> **Exercise materials**
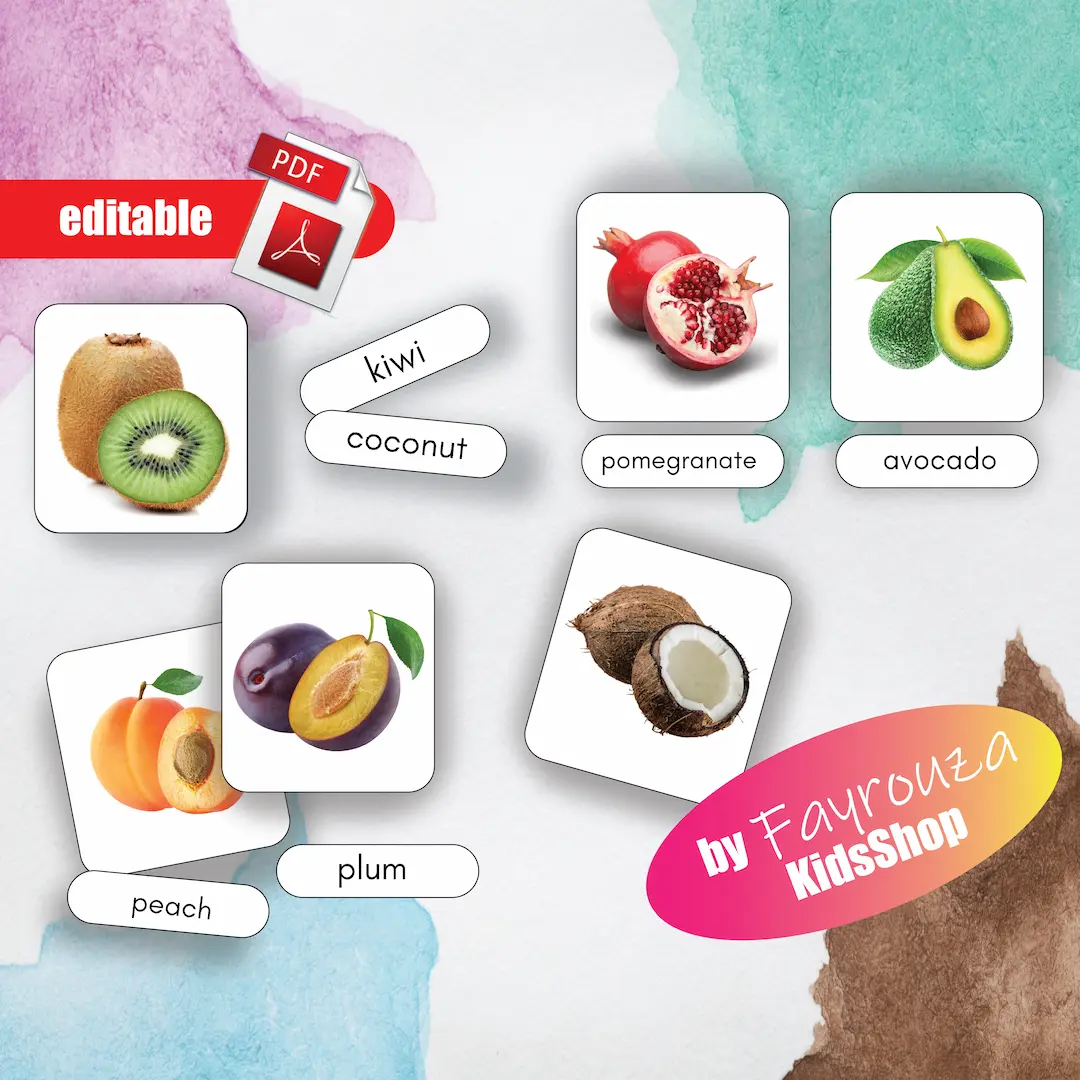 Interactive learning cards that teach fruit names and enhance children’s vocabulary and early reading skills.
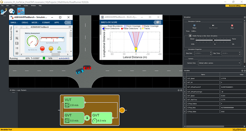 AEB is an advanced active safety system that helps drivers avoid or mitigate collisions with other vehicles. This example shows how to use RoadRunner Scenario to simulate the AEB test bench model used in the Autonomous Emergency Braking with Sensor Fusion example.
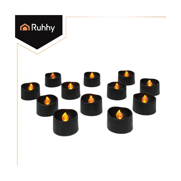 Fekete LED teamécses szett 12 db, 3,6 cm, lánghatás, CR2032 elemmel
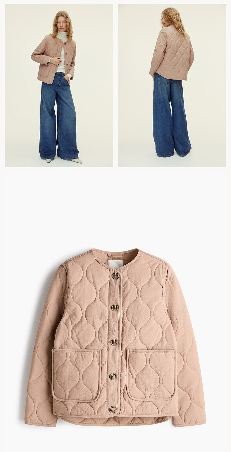 H&M2026 Spring New Women's Quilted Jacket 1315662 Beige XS 155/80
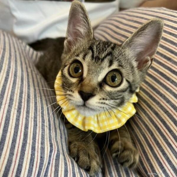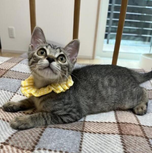 | 特徴(性格など) | ◆ジアナちゃん 少し引っ込み思案なキジトラ子猫 ●月齢の小さな子猫は、以下の条件についてご了承の上で応募をご検討下さい。 ◆お留守番の少ないご家族、 ◆横浜市青葉区内もしくは近郊にお住まいのご家族、を希望します。 ◆2頭でお迎えくださるご家族を優先いたします。 ◆小さなお子様のいるご家庭は状況によりお断りする場合がございます。 ◆高齢者のみのご家族からの子猫のお申し込みはお受けしていません。 ○香川県内にて保護しました。 ○生後2ヶ月半くらい(2025年7月中旬時点)のキジトラの女の子です。体重は1.05kg(2025年7月17日時点)です。 ○尻尾は長くてまっすぐです。 ○同じく里親募集中の「ノース」、「ダコタ」、「ネバダ」は一緒に保護された兄妹です。 ◯兄妹の中では一番臆病な子です。 ◯他の兄妹が遊びに行ってしまうと寂しくて鳴きます。 ◯他の猫ちゃんよりも人が大好きで、よく膝の上を占領して機嫌良くしています。 ◯食欲旺盛、おもちゃ遊びも大好き。 ◯人大好き、ナデナデ大好き。 ◯元気にすくすく育っています。 ★ワクチン1回接種済み。 ★猫エイズ、猫白血病ともに陰性。 ★不妊手術は成長と体調をみて実施予定です。 ☆単身のかたはご相談ください。 ☆★☆★☆★☆★☆★☆★☆★☆★☆★☆★☆ ~8月10日(日)新山下にて譲渡会開催!~ ◎場所・・「島忠ホームズ 新山下店」 神奈川県横浜市中区新山下2丁目12−34 JR根岸線「桜木町駅」より横浜市営バス(8.26.58.148系統)乗車「貯木場前」より徒歩約5分 みなとみらい線「元町・中華街駅」より徒歩約15分 ◎日程・・8月10日(日)(雨天決行) ◎時間・・12時から15時 【14時30分受付終了】 (会場に利用可能な無料駐車場がございます。そちらをご利用くださいませ。) *混雑状況により、制限させて頂く場合がございます。 ※参加予定の犬猫は体調により参加できない場合があります。ご了承ください。 ☆★☆★☆★☆★☆★☆★☆★☆★☆★☆★☆ |
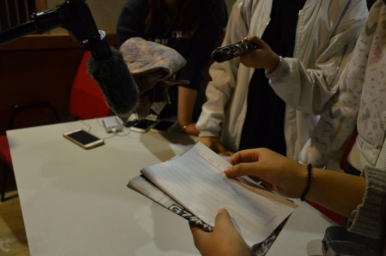 图5影视制作专业的拟声课上,学生正在用道具做电影里需要的声音
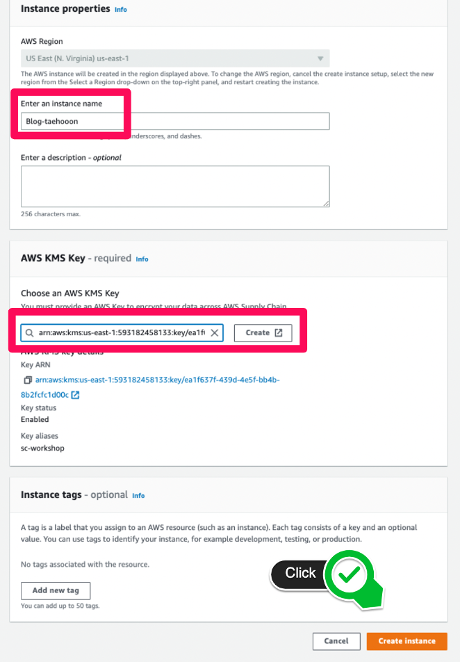 - ‘Instance name’을 입력하고 데이터 암호화를 위한 AWS KMS 키를 선택합니다.
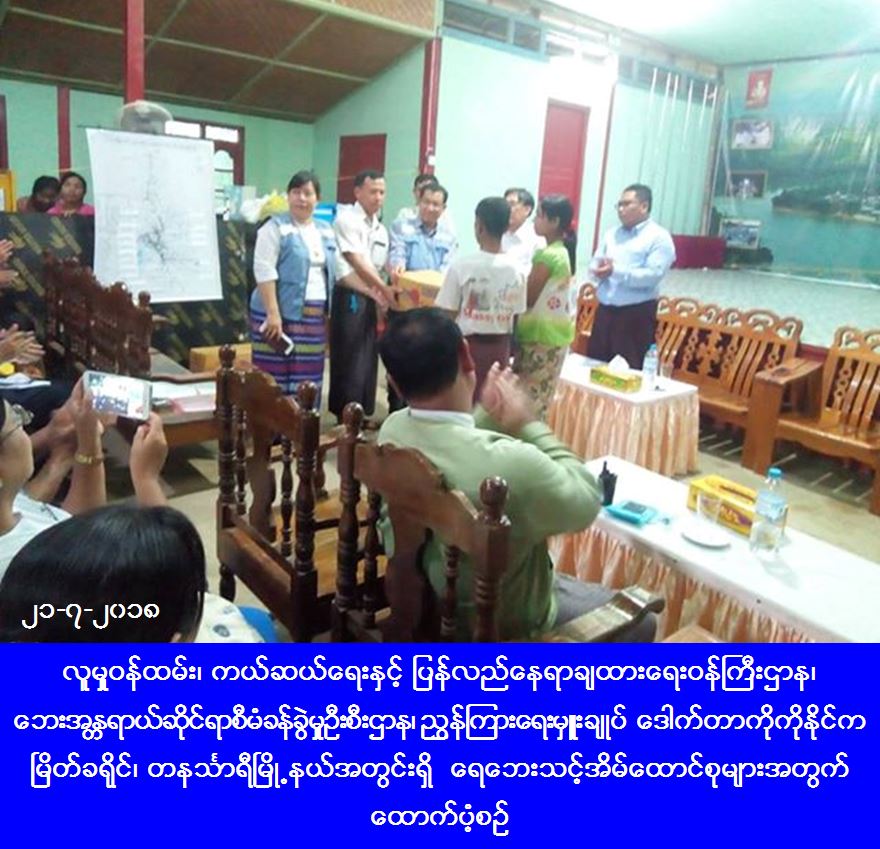 လူမှုဝန်ထမ်း၊ ကယ်ဆယ်ရေးနှင့် ပြန်လည်နေရာချထားရေးဝန်ကြီးဌာန၊ ဘေးအန္တရာယ်ဆိုင်ရာစီမံခန့်ခွဲမှုဦးစီးဌာန၊ ညွှန်ကြားရေးမှူးချုပ် ဒေါက်တာကိုကိုနိုင်၊ တနင်္သာရီတိုင်းဒေသကြီးဦးစီးမှူးရုံး (ဘစမ)မှ ညွှန်ကြားရေးမှူး ဒေါ်ဝင်းစန္ဒာကြည်နှင့် တာဝန်ရှိသူများသည် (၁၉-၇-၂၀၁၈) ရက်နေ့မှ (၂၁-၇-၂၀၁၈) ရက်နေ့အထိ တနင်္သာရီမြစ်ရေထပ်မံမြှင့်တက်မှုကြောင့် မြိတ်ခရိုင်၊ တနင်္သာရီမြို့နယ်အတွင်းရှိ ကျေးရွာများမှ ရေဘေးသင့်၍ ပြောင်းရွှေ့ခဲ့သည့်အိမ်ခြေ (၄၉၄) လုံး၊ အိမ်ထောင်စု (၄၉၅) စုမှ လူဦးရေ (၂၅၄၄) ဦးအတွက် ဆန်ဘိုး(၇)ရက်စာထောက်ပံ့ငွေစုစုပေါင်း (၅၃၄၂၄၀၀ိ/-)နှင့် ငါးသေတ္တာများအား အိမ်ထောင်စု(၁)စုလျှင် (၃)ဗူးနှုန်းဖြင့် စုစုပေါင်းငွေကျပ် (၈၉၆၀၀၀ိ/-) အား (၂၁-၇-၂၀၁၈) ရက်နေ့၊ ညနေ (၀၆း၀၀) နာရီအချိန်တွင် ရေဘေးသင့်ပြည်သူများအား ထောက်ပံ့ပေးအပ်ခြင်းအခမ်းအနားဖြင့် ထောက်ပံ့ပေးအပ်ရာ တနင်္သာရီတိုင်းဒေသကြီး လူမှုရေးနှင့်စည်ပင်သာယာရေးဝန်ကြီး ဦးဟိုပင်က အဖွင့်အမှာစကားပြောကြားခဲ့ကြောင်းနှင့် ကျန်ရှိသည့်ပြောင်းရွှေ့အိမ်ထောင်စုများမှ လူဦးရေများအတွက် ဆက်လက်ထောက်ပံ့ပေးသွားမည်ဖြစ်ကြောင်း သိရှိရပါသည်။
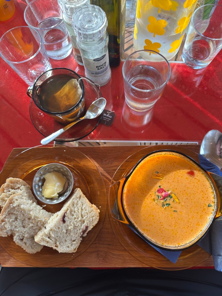 From the beach, we went to a local restaurant and had some very good tomato soup and cranberry bread. While there, we heard about the couple who owns it and how they built the house with their family. They also have a greenhouse that they produce items for themselves and other restaurants around the area, such as flowers. Overall, a very cozy stop.
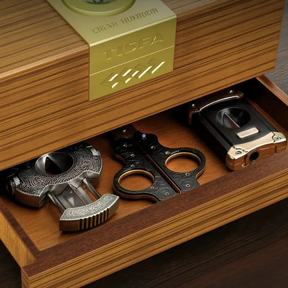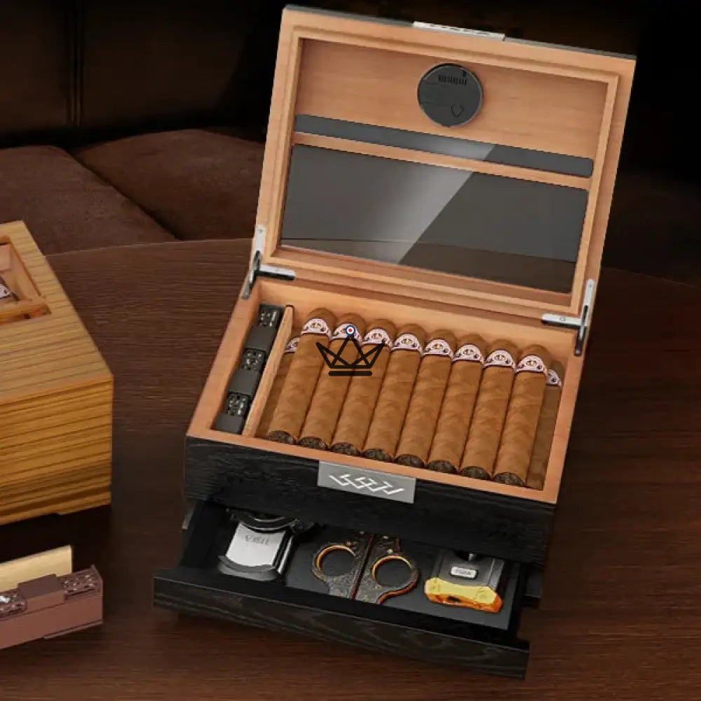 ✔️ Integrated lower drawer : ideal for storing cigar cutters, lighters, or maintenance accessories (max height: 1.7 cm).

> **Problem statement**
Exclude all images and restate the records above word for word.

> **Answer space**
 Interactive learning cards that teach fruit names and enhance children’s vocabulary and early reading skills.
 AEB is an advanced active safety system that helps drivers avoid or mitigate collisions with other vehicles. This example shows how to use RoadRunner Scenario to simulate the AEB test bench model used in the Autonomous Emergency Braking with Sensor Fusion example.
 Fekete LED teamécses szett 12 db, 3,6 cm, lánghatás, CR2032 elemmel
 H&M2026 Spring New Women's Quilted Jacket 1315662 Beige XS 155/80
 | 特徴(性格など) | ◆ジアナちゃん 少し引っ込み思案なキジトラ子猫 ●月齢の小さな子猫は、以下の条件についてご了承の上で応募をご検討下さい。 ◆お留守番の少ないご家族、 ◆横浜市青葉区内もしくは近郊にお住まいのご家族、を希望します。 ◆2頭でお迎えくださるご家族を優先いたします。 ◆小さなお子様のいるご家庭は状況によりお断りする場合がございます。 ◆高齢者のみのご家族からの子猫のお申し込みはお受けしていません。 ○香川県内にて保護しました。 ○生後2ヶ月半くらい(2025年7月中旬時点)のキジトラの女の子です。体重は1.05kg(2025年7月17日時点)です。 ○尻尾は長くてまっすぐです。 ○同じく里親募集中の「ノース」、「ダコタ」、「ネバダ」は一緒に保護された兄妹です。 ◯兄妹の中では一番臆病な子です。 ◯他の兄妹が遊びに行ってしまうと寂しくて鳴きます。 ◯他の猫ちゃんよりも人が大好きで、よく膝の上を占領して機嫌良くしています。 ◯食欲旺盛、おもちゃ遊びも大好き。 ◯人大好き、ナデナデ大好き。 ◯元気にすくすく育っています。 ★ワクチン1回接種済み。 ★猫エイズ、猫白血病ともに陰性。 ★不妊手術は成長と体調をみて実施予定です。 ☆単身のかたはご相談ください。 ☆★☆★☆★☆★☆★☆★☆★☆★☆★☆★☆ ~8月10日(日)新山下にて譲渡会開催!~ ◎場所・・「島忠ホームズ 新山下店」 神奈川県横浜市中区新山下2丁目12−34 JR根岸線「桜木町駅」より横浜市営バス(8.26.58.148系統)乗車「貯木場前」より徒歩約5分 みなとみらい線「元町・中華街駅」より徒歩約15分 ◎日程・・8月10日(日)(雨天決行) ◎時間・・12時から15時 【14時30分受付終了】 (会場に利用可能な無料駐車場がございます。そちらをご利用くださいませ。) *混雑状況により、制限させて頂く場合がございます。 ※参加予定の犬猫は体調により参加できない場合があります。ご了承ください。 ☆★☆★☆★☆★☆★☆★☆★☆★☆★☆★☆ |
 图5影视制作专业的拟声课上,学生正在用道具做电影里需要的声音
 - ‘Instance name’을 입력하고 데이터 암호화를 위한 AWS KMS 키를 선택합니다.
 လူမှုဝန်ထမ်း၊ ကယ်ဆယ်ရေးနှင့် ပြန်လည်နေရာချထားရေးဝန်ကြီးဌာန၊ ဘေးအန္တရာယ်ဆိုင်ရာစီမံခန့်ခွဲမှုဦးစီးဌာန၊ ညွှန်ကြားရေးမှူးချုပ် ဒေါက်တာကိုကိုနိုင်၊ တနင်္သာရီတိုင်းဒေသကြီးဦးစီးမှူးရုံး (ဘစမ)မှ ညွှန်ကြားရေးမှူး ဒေါ်ဝင်းစန္ဒာကြည်နှင့် တာဝန်ရှိသူများသည် (၁၉-၇-၂၀၁၈) ရက်နေ့မှ (၂၁-၇-၂၀၁၈) ရက်နေ့အထိ တနင်္သာရီမြစ်ရေထပ်မံမြှင့်တက်မှုကြောင့် မြိတ်ခရိုင်၊ တနင်္သာရီမြို့နယ်အတွင်းရှိ ကျေးရွာများမှ ရေဘေးသင့်၍ ပြောင်းရွှေ့ခဲ့သည့်အိမ်ခြေ (၄၉၄) လုံး၊ အိမ်ထောင်စု (၄၉၅) စုမှ လူဦးရေ (၂၅၄၄) ဦးအတွက် ဆန်ဘိုး(၇)ရက်စာထောက်ပံ့ငွေစုစုပေါင်း (၅၃၄၂၄၀၀ိ/-)နှင့် ငါးသေတ္တာများအား အိမ်ထောင်စု(၁)စုလျှင် (၃)ဗူးနှုန်းဖြင့် စုစုပေါင်းငွေကျပ် (၈၉၆၀၀၀ိ/-) အား (၂၁-၇-၂၀၁၈) ရက်နေ့၊ ညနေ (၀၆း၀၀) နာရီအချိန်တွင် ရေဘေးသင့်ပြည်သူများအား ထောက်ပံ့ပေးအပ်ခြင်းအခမ်းအနားဖြင့် ထောက်ပံ့ပေးအပ်ရာ တနင်္သာရီတိုင်းဒေသကြီး လူမှုရေးနှင့်စည်ပင်သာယာရေးဝန်ကြီး ဦးဟိုပင်က အဖွင့်အမှာစကားပြောကြားခဲ့ကြောင်းနှင့် ကျန်ရှိသည့်ပြောင်းရွှေ့အိမ်ထောင်စုများမှ လူဦးရေများအတွက် ဆက်လက်ထောက်ပံ့ပေးသွားမည်ဖြစ်ကြောင်း သိရှိရပါသည်။
 From the beach, we went to a local restaurant and had some very good tomato soup and cranberry bread. While there, we heard about the couple who owns it and how they built the house with their family. They also have a greenhouse that they produce items for themselves and other restaurants around the area, such as flowers. Overall, a very cozy stop.
 ✔️ Integrated lower drawer : ideal for storing cigar cutters, lighters, or maintenance accessories (max height: 1.7 cm).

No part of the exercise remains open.